- DATA FOR THIS EXERCISE -

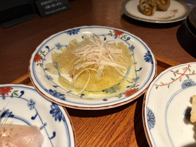 そしてクラゲの塩檸檬漬け、コリコリ食感の中にレモンが香って楽しい〜箸止まらない。
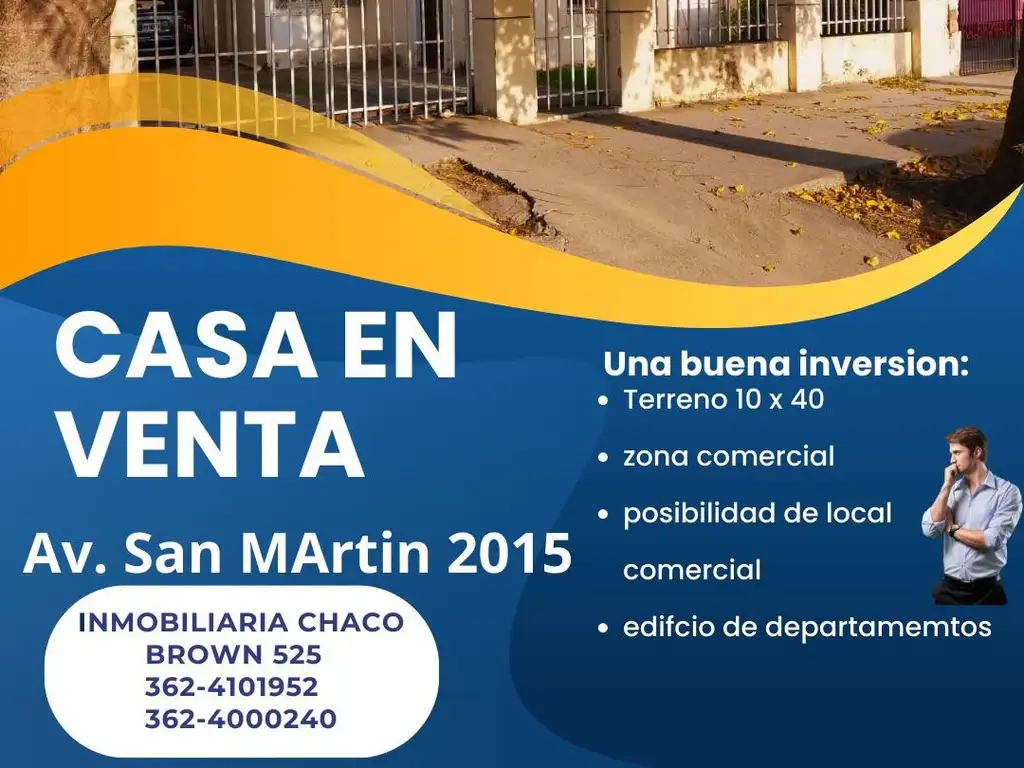 Av. San Martin N° 2015, CASA EN VENTA: "por las medidas es el lugar para inversión en torre de departamentos o local comercial tipo Galpón". Situada sobre la Av. San Martin N° 2015 de Resistencia: se trata de una vivienda familiar en un buen estado, con muy buen entorno sobre la Av. San Martin, de una planta. Todo en condiciones de ser alquilado, dos (2) dormitorios todos con amplias ventanas y placares, un baño, cochera para auto con portón, el terreno es de generosas dimensiones siendo de 10 mts de frente por 40 mts de fondo, lo que le da las mas variadas posibilidades de inversión patio de buenas dimensiones, habitación de servicio en el patio, galería.-
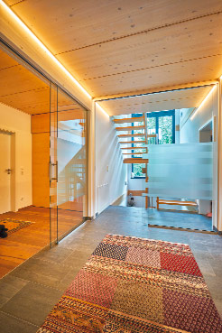 Eine Etage höher liegt der eigentliche Zugang zum Wohntrakt. Erstaunlich hell ist dieser Bereich: bedingt durch den hohen Fensteranteil im Treppenhaus und die beiden raumhohen Glaselementen im Flurbereich. Ungewöhnlich: Schiebelemente in Glas – ebenso praktisch wie schön!  Außerdem: Hier befindet sich ein zweiter Zugang, sodass das Haus auch von der mittleren Ebene aus zugänglich ist.
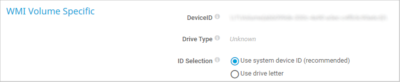 - Use system device ID (recommended): Use the system device ID. This is usually the best option for this sensor because the device ID does not change when the volume is renamed.
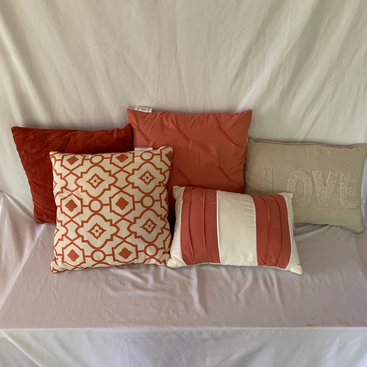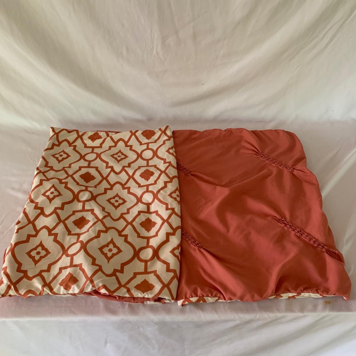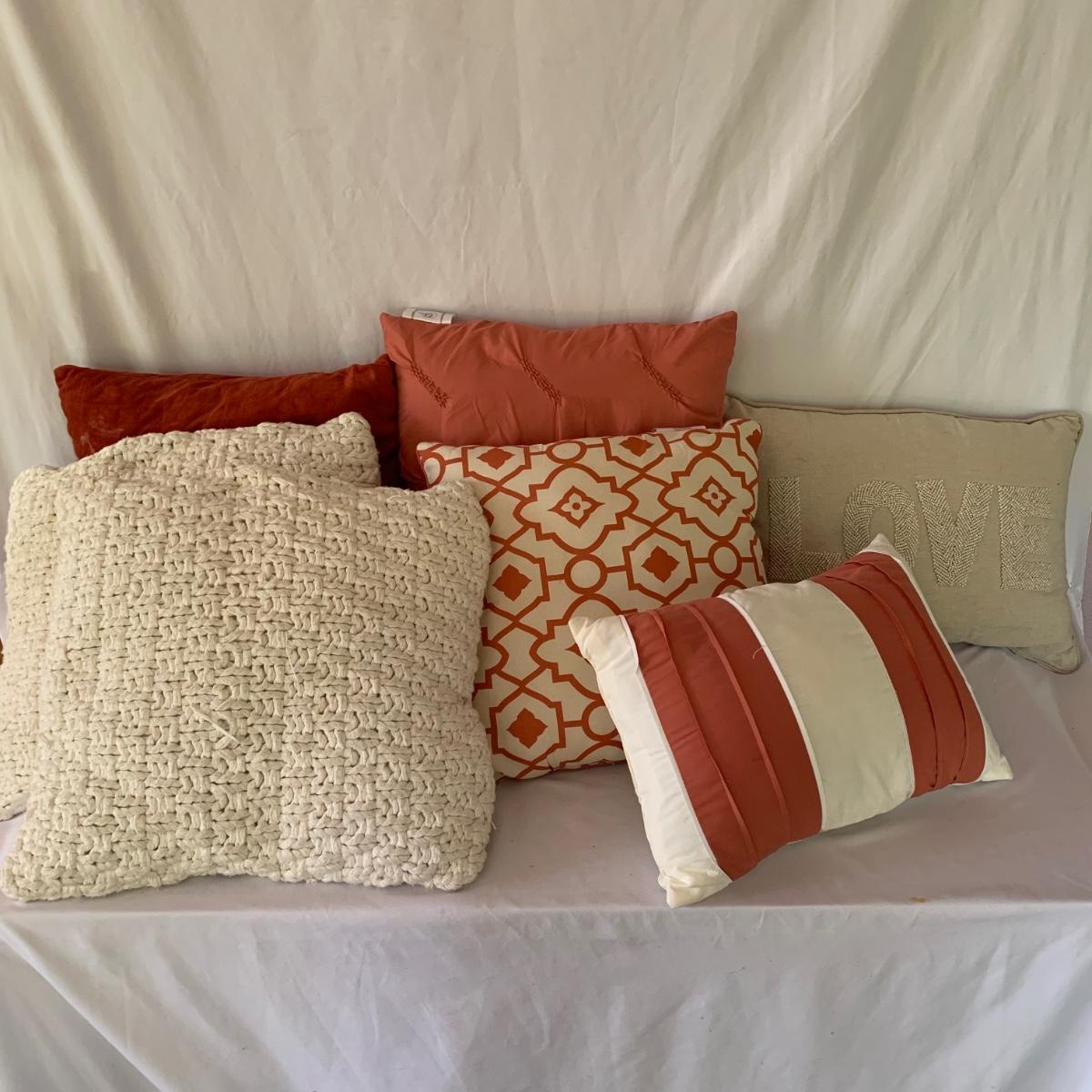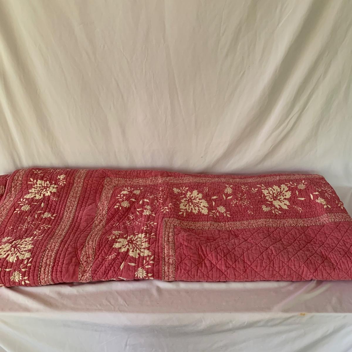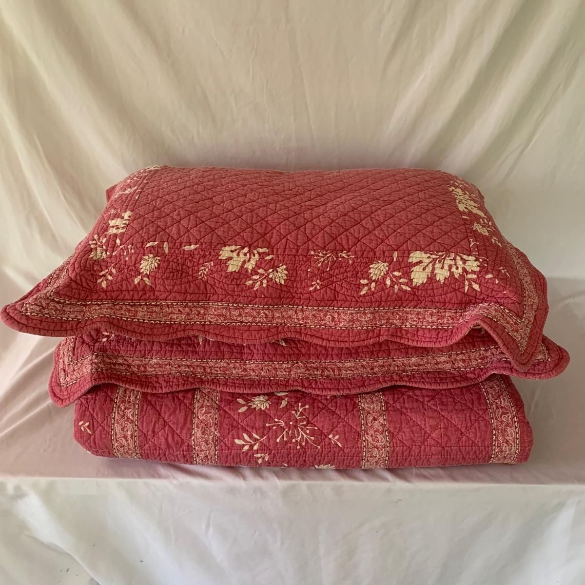 Lovely array of full-sized bed linens. This lot includes full-sized down comforter, two comforters with matching pillow shams, one set of full sheets, one additional pillow case, and seven throw pillows. Please note, the bed is for display purposes and is not included in this lot.
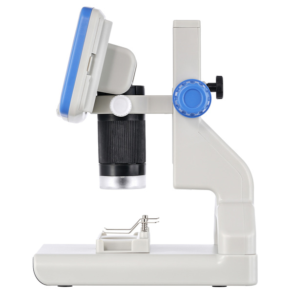 <p>Микроскопът е оборудван с въртящ се 5-инчов цветен екран с течнокристален дисплей. Той може да се накланя на малък ъгъл за удобна работа. Увеличението на микроскопа се променя от 7 до 200 пъти, а оптичното увеличение е в диапазона от 7 до 50 пъти. Предметната маса на микроскопа е оборудвана с щипки за микроскопски проби. От двете страни на предметната маса има светодиодно осветление, така че можете да работите не само с непрозрачни, но и с полупрозрачни и напълно прозрачни образци. Яркостта на осветлението е регулируема.</p>
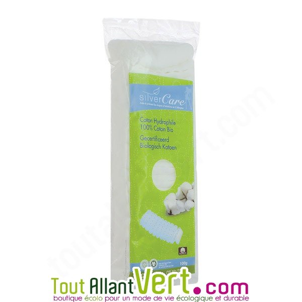 Coton hydrophile prédécoupé 100% coton bio, 100g, SilverCare
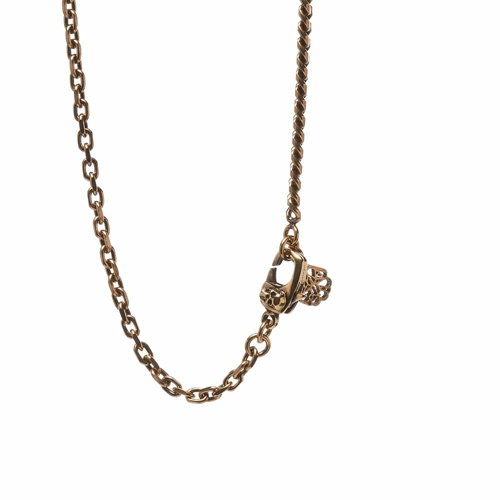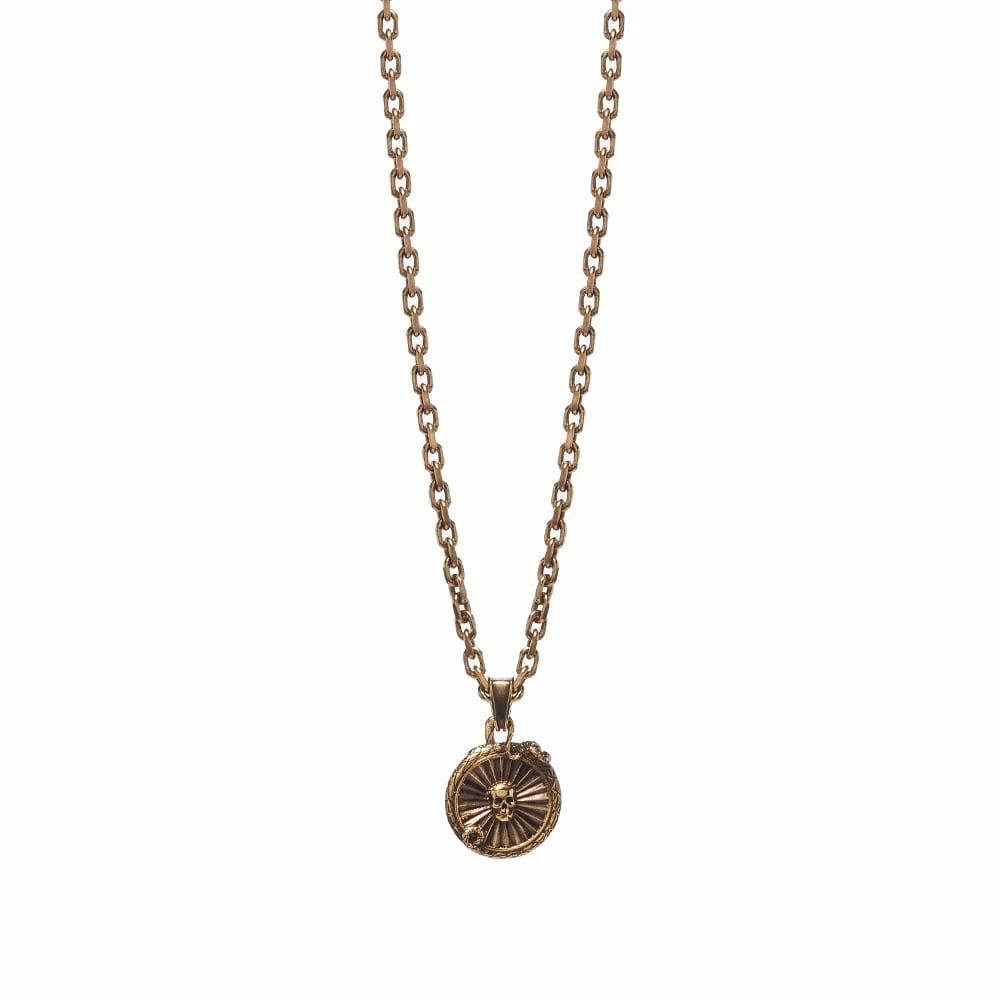 Alexander McQueen is renowned for its grungy skull aesthetic – and this coin necklace certainly follows suit. Crafted in Italy from brass – with an antique silver finish – the coin pendant features a metal snake on one side and a skull on the other, allowing you to switch up your look.
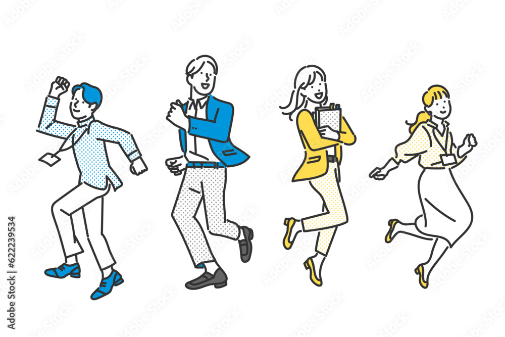 ジャンプをするスタートアップ企業で働く人たちのイメージイラスト素材 #622239534
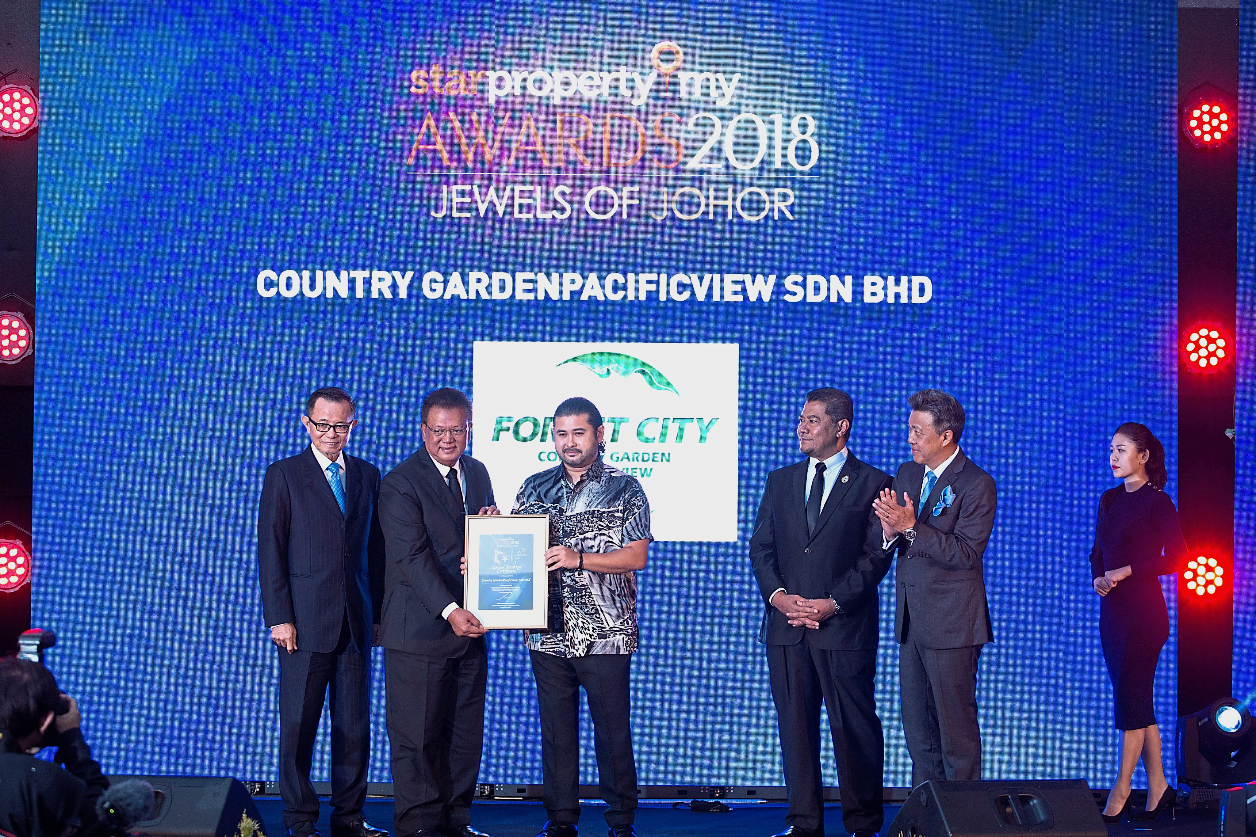 Country Garden PacificView Sdn Bhd executive director Datuk Md Othman Bin Hj Yusof receiving the special mention category from Tunku Ismail, while Star Media Group chairman Datuk Fu Ah Kiow (left) and Johor Housing and Rural Development Committee chairman Dzulkefly Ahmad and Datuk Seri Wong Chun Wai look on.

- TASK GOAL -
Every entry should be written out word for word, except for its pictures.

- TASK RESULT -
 そしてクラゲの塩檸檬漬け、コリコリ食感の中にレモンが香って楽しい〜箸止まらない。
 Av. San Martin N° 2015, CASA EN VENTA: "por las medidas es el lugar para inversión en torre de departamentos o local comercial tipo Galpón". Situada sobre la Av. San Martin N° 2015 de Resistencia: se trata de una vivienda familiar en un buen estado, con muy buen entorno sobre la Av. San Martin, de una planta. Todo en condiciones de ser alquilado, dos (2) dormitorios todos con amplias ventanas y placares, un baño, cochera para auto con portón, el terreno es de generosas dimensiones siendo de 10 mts de frente por 40 mts de fondo, lo que le da las mas variadas posibilidades de inversión patio de buenas dimensiones, habitación de servicio en el patio, galería.-
 Eine Etage höher liegt der eigentliche Zugang zum Wohntrakt. Erstaunlich hell ist dieser Bereich: bedingt durch den hohen Fensteranteil im Treppenhaus und die beiden raumhohen Glaselementen im Flurbereich. Ungewöhnlich: Schiebelemente in Glas – ebenso praktisch wie schön!  Außerdem: Hier befindet sich ein zweiter Zugang, sodass das Haus auch von der mittleren Ebene aus zugänglich ist.
 - Use system device ID (recommended): Use the system device ID. This is usually the best option for this sensor because the device ID does not change when the volume is renamed.
 Lovely array of full-sized bed linens. This lot includes full-sized down comforter, two comforters with matching pillow shams, one set of full sheets, one additional pillow case, and seven throw pillows. Please note, the bed is for display purposes and is not included in this lot.
 <p>Микроскопът е оборудван с въртящ се 5-инчов цветен екран с течнокристален дисплей. Той може да се накланя на малък ъгъл за удобна работа. Увеличението на микроскопа се променя от 7 до 200 пъти, а оптичното увеличение е в диапазона от 7 до 50 пъти. Предметната маса на микроскопа е оборудвана с щипки за микроскопски проби. От двете страни на предметната маса има светодиодно осветление, така че можете да работите не само с непрозрачни, но и с полупрозрачни и напълно прозрачни образци. Яркостта на осветлението е регулируема.</p>
 Coton hydrophile prédécoupé 100% coton bio, 100g, SilverCare
 Alexander McQueen is renowned for its grungy skull aesthetic – and this coin necklace certainly follows suit. Crafted in Italy from brass – with an antique silver finish – the coin pendant features a metal snake on one side and a skull on the other, allowing you to switch up your look.
 ジャンプをするスタートアップ企業で働く人たちのイメージイラスト素材 #622239534
 Country Garden PacificView Sdn Bhd executive director Datuk Md Othman Bin Hj Yusof receiving the special mention category from Tunku Ismail, while Star Media Group chairman Datuk Fu Ah Kiow (left) and Johor Housing and Rural Development Committee chairman Dzulkefly Ahmad and Datuk Seri Wong Chun Wai look on.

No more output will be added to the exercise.